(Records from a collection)
***
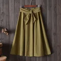 Elegant Women Pleated Skirt Big Bow High Waist Knee Length A Line Skirt Vintage Red Black Side Zipp
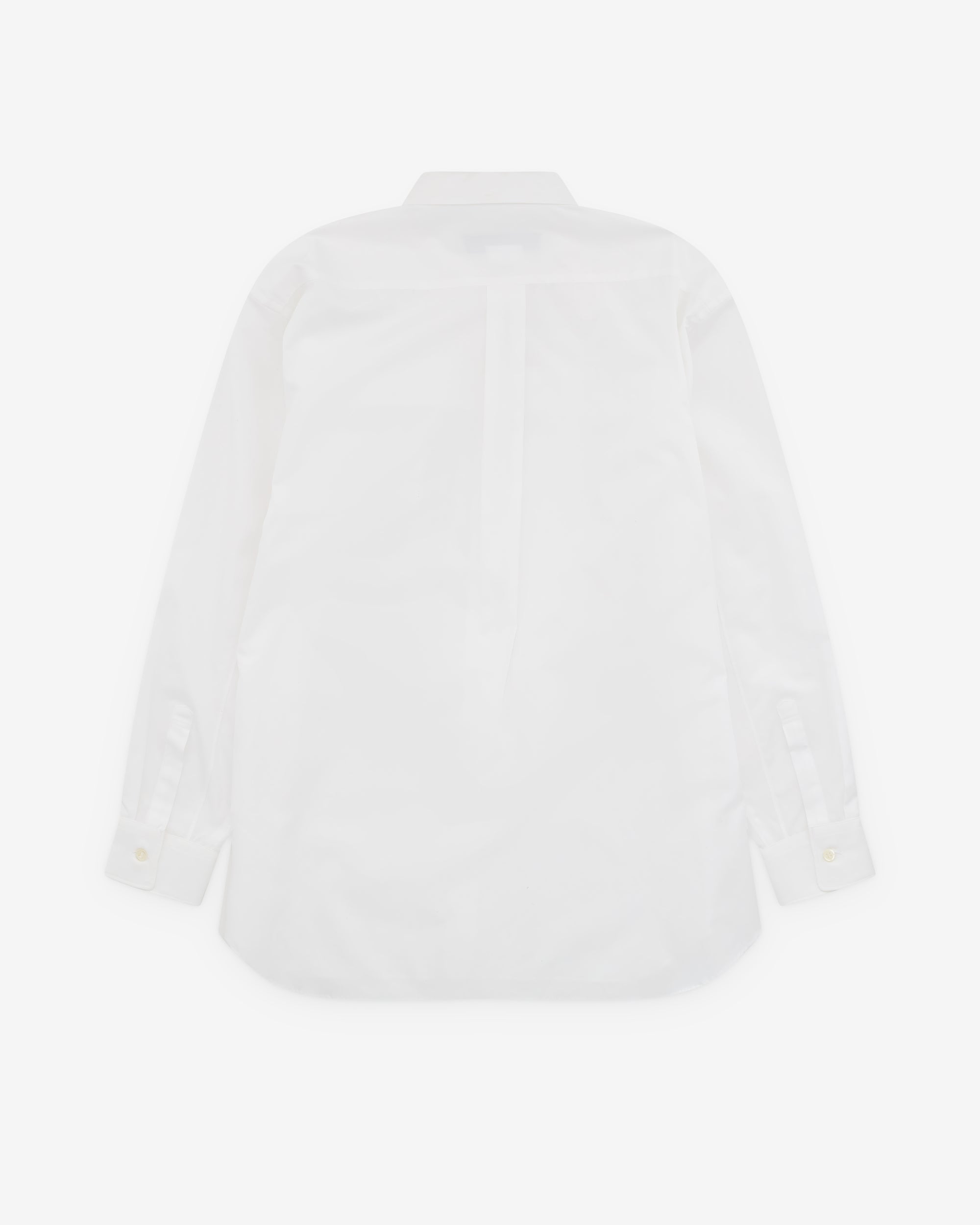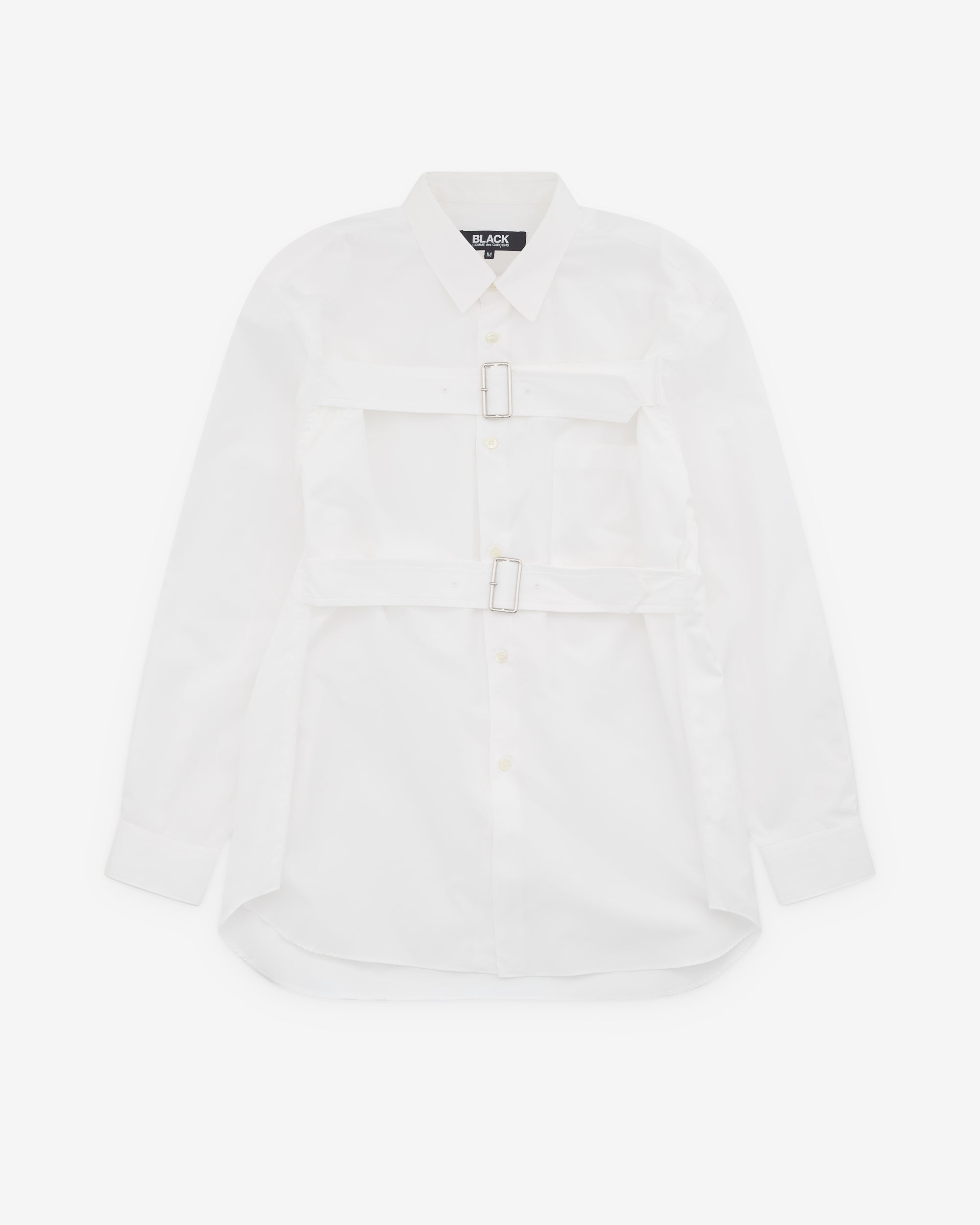 Point collarButton placketDouble buckle detailCurved hemBox pleat at rear
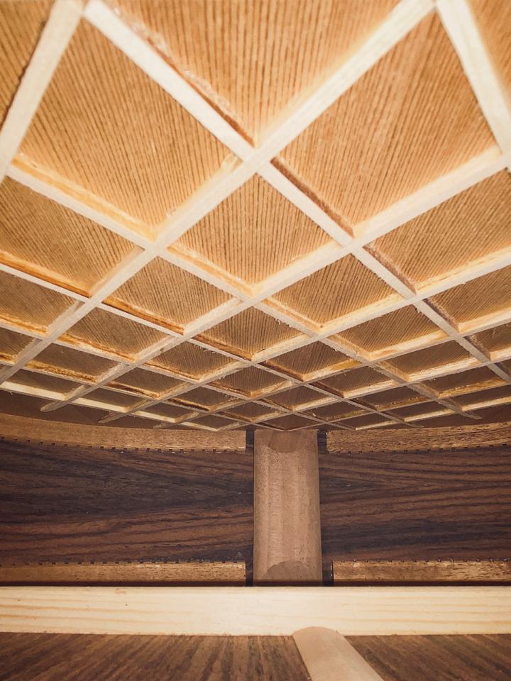 クラシックギターの表板のブレーシング(補強)の種類で格子状(Lattice)にブレーシングが配置されているものになります。ラティスブレーシングのギターは音量が大きく、倍音が豊かなクリアで明るい音色を生み出します。低音域〜中音域の豊かさと高音域の明瞭さ、サスティン(音の伸び)が良いのが特徴です。
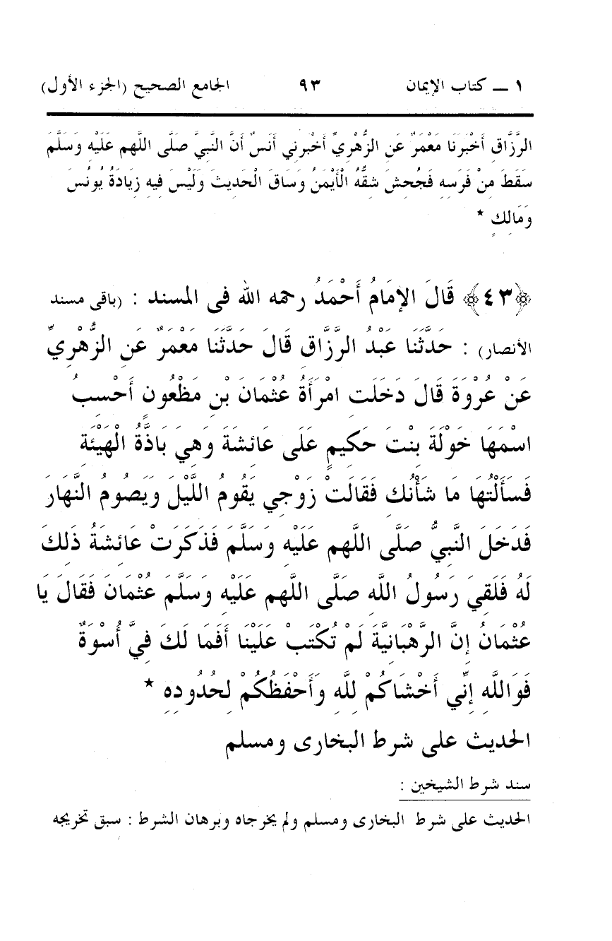 43 - قَالَ الإمَامُ أَحْمَدُ رحمه الله فى المسند: (باقى مسند الأنصار): حَدَّثَنَا عَبْدُ الرَّزَّاقِ قَالَ حَدَّثَنَا مَعْمَرٌ عَنِ الزُّهْرِيِّ عَنْ عُرْوَةَ قَالَ دَخَلَتِ امْرَأَةُ عُثْمَانَ بْنِ مَظْعُونٍ أَحْسِبُ اسْمَهَا خَوْلَةَ بِنْتَ حَكِيمٍ عَلَى عَائِشَةَ وَهِيَ بَاذَّةُ الْهَيْئَةِ فَسَأَلْتُهَا مَا شَانُكِ فَقَالَتْ زَوْجِي يَقُومُ اللَّيْلَ وَيَصُومُ النَّهَارَ فَدَخَلَ النَّبِيُّ صَلَّى اللَّهم عَلَيْهِ وَسَلَّمَ فَذَكَرَتْ عَائِشَةُ ذَلِكَ لَهُ فَلَقِيَ رَسُولُ اللَّهِ صَلَّى اللَّهم عَلَيْهِ وَسَلَّمَ عُثْمَانَ فَقَالَ يَا عُثْمَانُ إِنَّ الرَّهْبَانِيَّةَ لَمْ تُكْتَبْ عَلَيْنَا أَفَمَا لَكَ فِيَّ أُسْوَةٌ فَوَاللَّهِ إِنِّي أَخْشَاكُمْ لِلَّهِ وَأَحْفَظُكُمْ لِحُدُودِهِ *
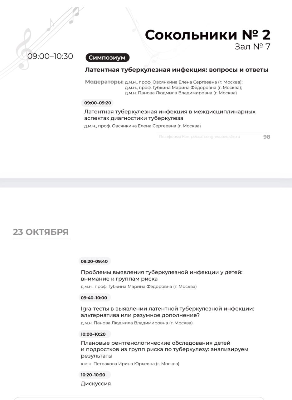г.н.с., д.м.н. Губкина М.Ф. «Проблемы выявления туберкулезной инфекции у детей: внимание к группам риска»;
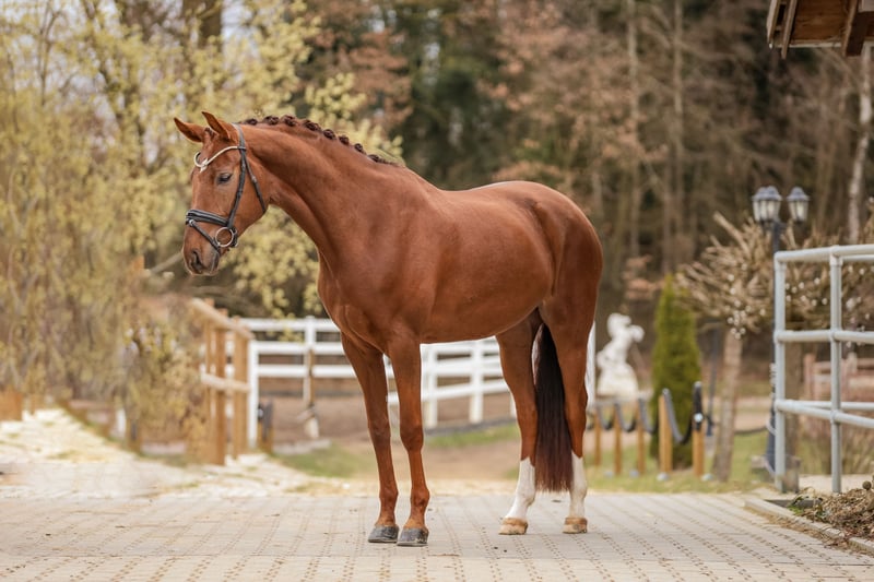 Tiffany ist eine 5-jährige ausdrucksstarke Dressurstute mit sehr guten Grundgangarten und einer Einstellung und Rittigkeit die kaum zu übertreffen sind. Ihre Bewegungsmechanik gepaart mit ihrer absolut lieben und freundlichen Art lässt alle Herzen höher schlagen und machen sie zu einem Nachwuchspferd mit allen Möglichkeiten im großen Viereck zu glänzen. In ihrer Ausbildung ist sie nun Dressurpferde A fertig und der Aussengalopp wurde spielerisch begonnen. Ihre Qualität konnte sie bereits mit einem Sieg mit hohen Noten in einer Reitpferdeprüfung unter Beweis stellen. Sie ist besonders kopfklar und nervenstark für ihr noch junges Alter. Zudem ist Tiffany herdenverträglich, Schmiede- und verladefromm. Ein Dressurpferd für höchste Ansprüche und Ambitionen. Besucht auch unsere Instagram Seite @unicornhorsesofficial Dort findet ihr Alltagseindrücke und weitere Videos von Tiffany. Bei Interesse bitte Kontaktaufnahme über folgende Telefonnummer: +49 176 20174499
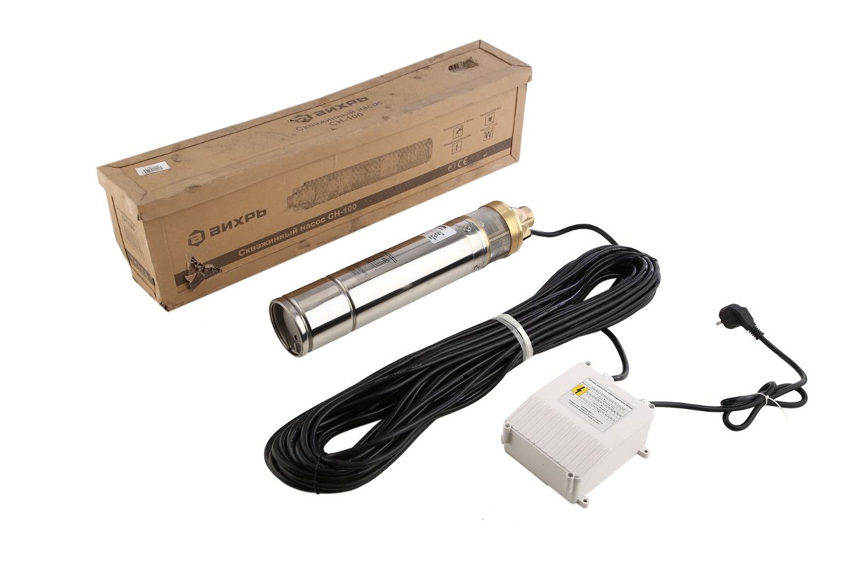 Скважинный насос ВИХРЬ СН-100 предназначен для подачи чистой воды с глубины до 100 м. За один час перекачивает до 2400 л. Максимальная глубина забора 35 м.
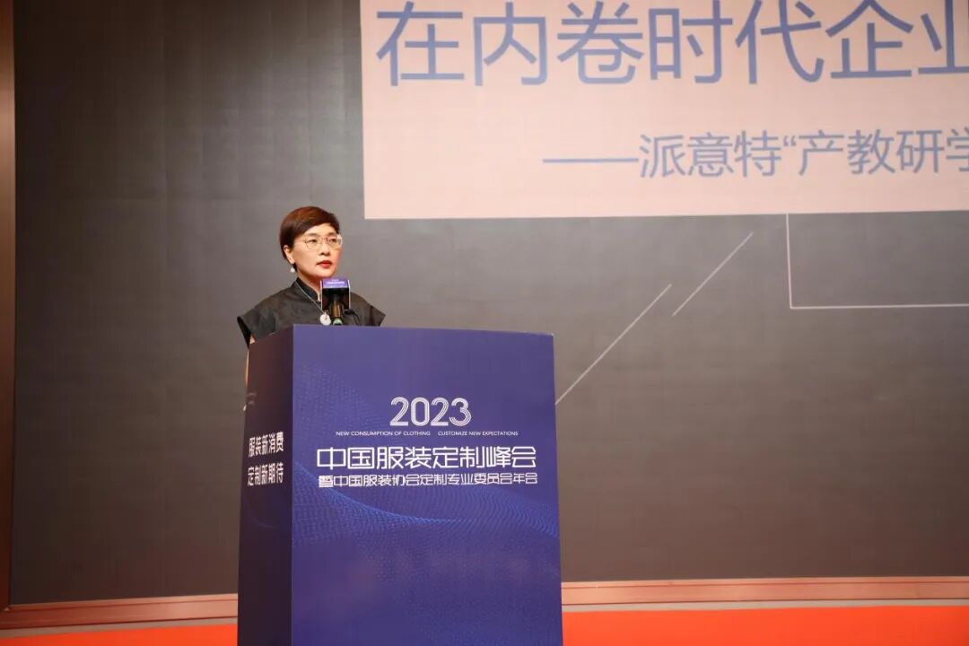 派意特集团兼衣央新商务装定制局董事长姜学军以《在内卷时代企业如何生存发展》为主题进行分享。她指出,随着行业竞争愈加激烈,制约企业发展的因素已经不再是产品,而是人才。派意特通过构建“产教研学商”生态发展体系,致力成为中国职业装专家、中国新商务女装定制引领者和中国服装专业职业教育头部职校,希望以高素质人才为基石,更好地赋能定制产业。
***
Your copy should begin at the line containing "г.н.с., д.м.н. Губкина" and end at the last line of the data above, matching each line exactly and holding no pictures.

г.н.с., д.м.н. Губкина М.Ф. «Проблемы выявления туберкулезной инфекции у детей: внимание к группам риска»;
 Tiffany ist eine 5-jährige ausdrucksstarke Dressurstute mit sehr guten Grundgangarten und einer Einstellung und Rittigkeit die kaum zu übertreffen sind. Ihre Bewegungsmechanik gepaart mit ihrer absolut lieben und freundlichen Art lässt alle Herzen höher schlagen und machen sie zu einem Nachwuchspferd mit allen Möglichkeiten im großen Viereck zu glänzen. In ihrer Ausbildung ist sie nun Dressurpferde A fertig und der Aussengalopp wurde spielerisch begonnen. Ihre Qualität konnte sie bereits mit einem Sieg mit hohen Noten in einer Reitpferdeprüfung unter Beweis stellen. Sie ist besonders kopfklar und nervenstark für ihr noch junges Alter. Zudem ist Tiffany herdenverträglich, Schmiede- und verladefromm. Ein Dressurpferd für höchste Ansprüche und Ambitionen. Besucht auch unsere Instagram Seite @unicornhorsesofficial Dort findet ihr Alltagseindrücke und weitere Videos von Tiffany. Bei Interesse bitte Kontaktaufnahme über folgende Telefonnummer: +49 176 20174499
 Скважинный насос ВИХРЬ СН-100 предназначен для подачи чистой воды с глубины до 100 м. За один час перекачивает до 2400 л. Максимальная глубина забора 35 м.
 派意特集团兼衣央新商务装定制局董事长姜学军以《在内卷时代企业如何生存发展》为主题进行分享。她指出,随着行业竞争愈加激烈,制约企业发展的因素已经不再是产品,而是人才。派意特通过构建“产教研学商”生态发展体系,致力成为中国职业装专家、中国新商务女装定制引领者和中国服装专业职业教育头部职校,希望以高素质人才为基石,更好地赋能定制产业。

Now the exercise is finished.